Despite the time, Guillaume Ladoucette forgave Stéphane Jollis for keeping him waiting. It was a habit the baker had never broken even though the pick-up time for their fishing trips hadn’t changed for more than twenty years. But the barber’s compassion had nothing to do with tolerance, for he regarded tardiness as being almost as shameful as protruding nasal hair. Nor was it simply a matter of lassitude after spending so many years outside the baker’s house, killing time by appraising the contents of his glove compartment. The reason for Guillaume Ladoucette’s ability to pardon his best friend’s abominable time-keeping was sitting on the back seat underneath a white tea towel to shade it from the worst of the heat. For whilst the two men were fiercely competitive when it came to fishing, their unspoken rivalry was not over what one another caught, but the contents of their picnic baskets. And the barber, who had been labouring in the kitchen since five that morning, was convinced that victory would be his.

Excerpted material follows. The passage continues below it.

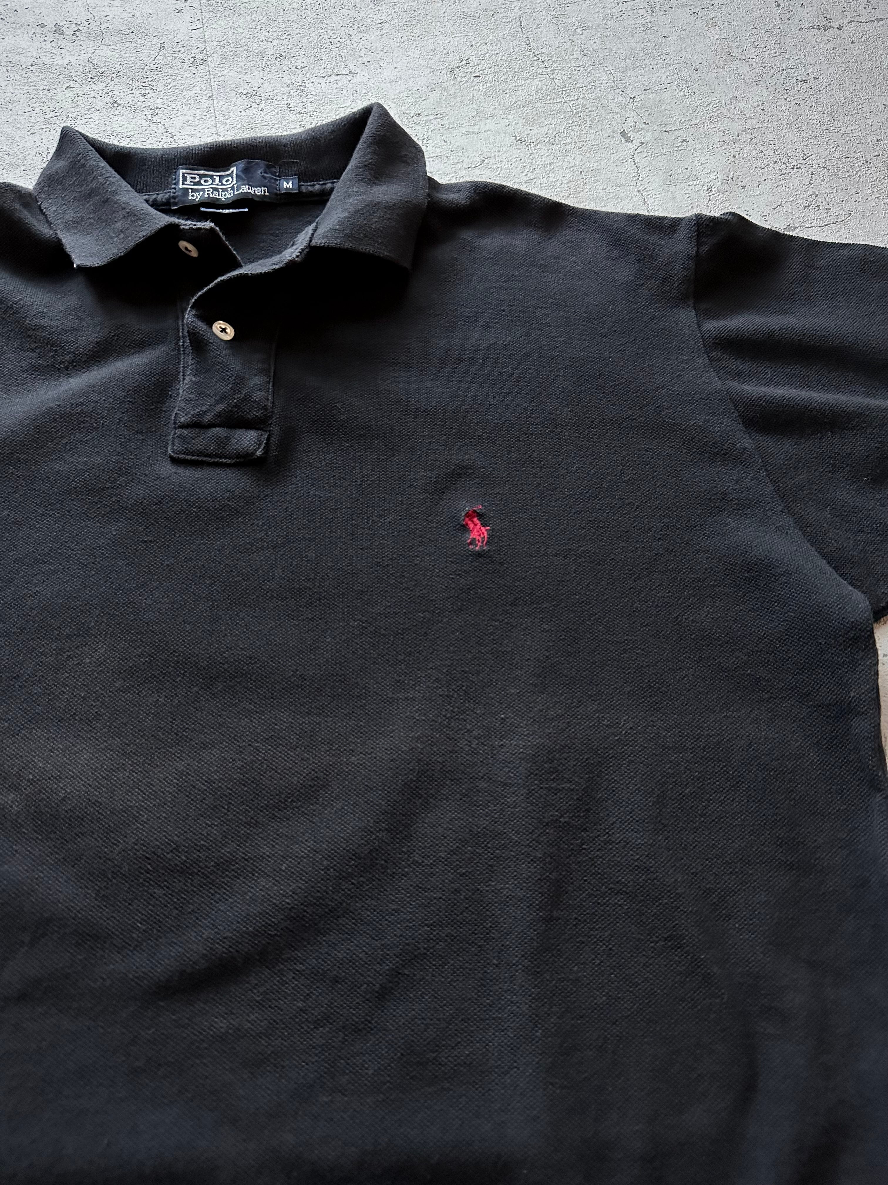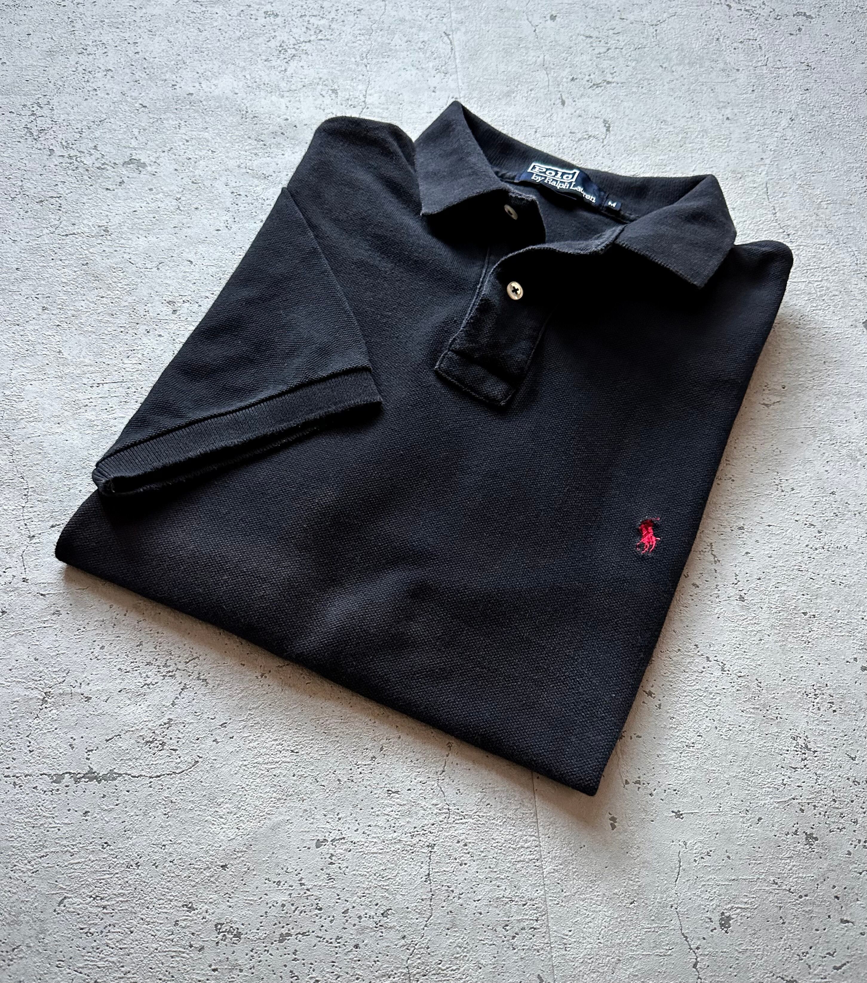90s USA製 POLO RALPH LAUREN - ONE POINT POLO SHIRT BLACK OLD VINTAGE アメリカ製 ラルフローレン ワンポイント ポロシャツ ブラック オールド ビンテージ

The passenger door suddenly opened and a strong, hairy arm reached in and placed an equally large basket made from sweet chestnut on the back seat. The limb momentarily disappeared and returned with a red tea towel, which was carefully placed over it. The car suddenly tilted towards the right as the baker held on to the roof with one hand and manoeuvred his substantial frame inside, followed by his head.
‘Hello. Sorry I’m late,’ he said.
Guillaume Ladoucette looked at the baker
. Having showered as he always did on a Sunday lunchtime after shutting the shop for the day, his friend appeared a decade younger owing to the absence of flour in his thick black curls. The barber had been cutting them for years in exchange for a daily loaf. It was a system that worked more in his favour since Stéphane Jollis only bothered to surrender his scalp every few months, by which time the barber could slide a whole finger down the middle of a ringlet, much to his exasperation.

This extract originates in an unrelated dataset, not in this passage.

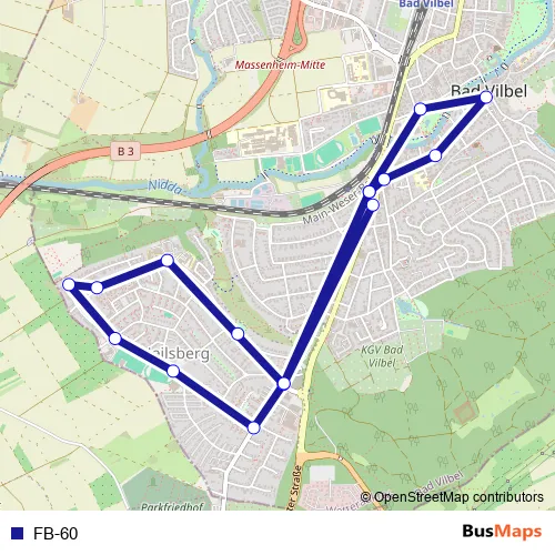 The first stop of the FB-60 bus route is Bad Vilbel Südbahnhof and the last stop is Bad Vilbel Südbahnhof. FB-60 is operational during everyday.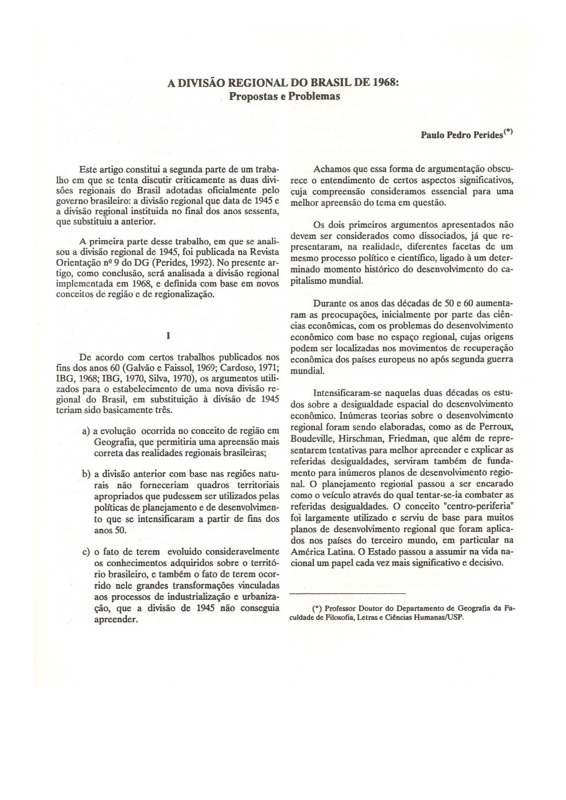 Esse artigo representa a segunda parte de um trabalho no qual analisamos as duas primeiras divisões regionais implementadas oficialmente pelo governo federal: as divisões de 1945 e de 1968. Essa análise fundamentou-se nos seguintes pressupostos: que o conceito de região em Geografia pode apresentar diferentes significados e naturezas considerando-se os referenciais teóricos-metodológicos utilizados - que cada conceito de região, como objeto construuido, está carregado de intencionalidade ideológica, e devem ser interpretados em função das condições históricas em que foram elaborados - que o conceito de região tem sido elaborado e utilizado como um instrumento de ação a serviço de determinados interesses.

‘Not to worry,’ he said, starting the car. ‘Got everything?’
‘Yep,’ replied the baker, winding down the window.
The pair drove out of the village and turned right at the field with the ginger Limousin cows that winked. After passing a series of maize fields, they slowed down to a precise 49 kph as they trundled through the village of Beauséjour, where the traffic police waited for their prey in collapsible chairs in the sun. Each time the barber changed gear, his knuckles rubbed against Stéphane Jollis’s thigh, which bloomed over the passenger seat as if baked with too much yeast.

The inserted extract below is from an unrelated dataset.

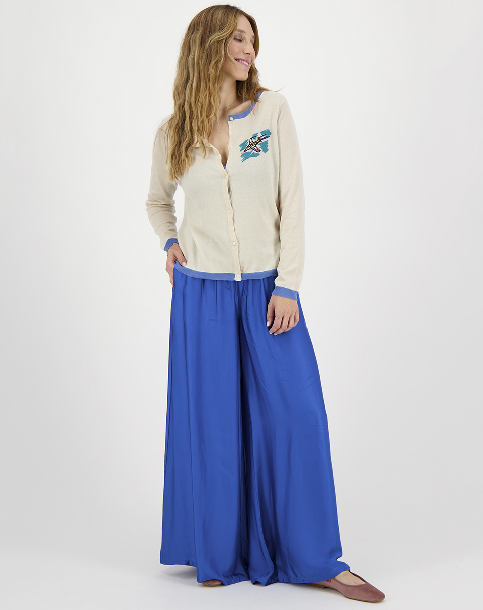 Wide leg pants in fuchsia with two side pockets and two back pockets. Waistband is elasticized with five belt loops and has a contrasting sash drawstring. Pair with our crop top or tank or tee for a playful casual look.

‘Bring any lunch with you?’ Guillaume Ladoucette enquired, trying to sound as casual as possible.
‘Just a snack,’ the baker replied, staring straight ahead of him. ‘You?’
‘Just a snack,’ said the barber, wrinkling up his nose dismissively.
When they arrived at Brantôme, the two men, each carrying a family-sized picnic basket, made their way along the bank of the Dronne, which flowed around the town known as the Venice of the Périgord. They passed the metal steps where swimmers clambered out of the slothful water and continued until they reached the No Fishing sign. They then put down their baskets at their usual spot, both filled with the comforting knowledge that a splendid afternoon lay ahead of them.
After Stéphane Jollis had wiped his sweating forehead on both shoulders, he joined the barber sitting on the edge of the bank in the shade of the tree which neither could name. The baker then took out a baguette from his basket, broke off an end, pulled out some of the soft white innards, rolled it into a ball with his artisan fingers and pierced it with his hook. Once the barber had impaled a worm on his, they both took off their shoes and tied their lines around their right ankles. Carefully rolling up both trouser legs to the knee, they plunged their feet into the cool water and felt the weighted lines spiralling down towards the bottom of the river.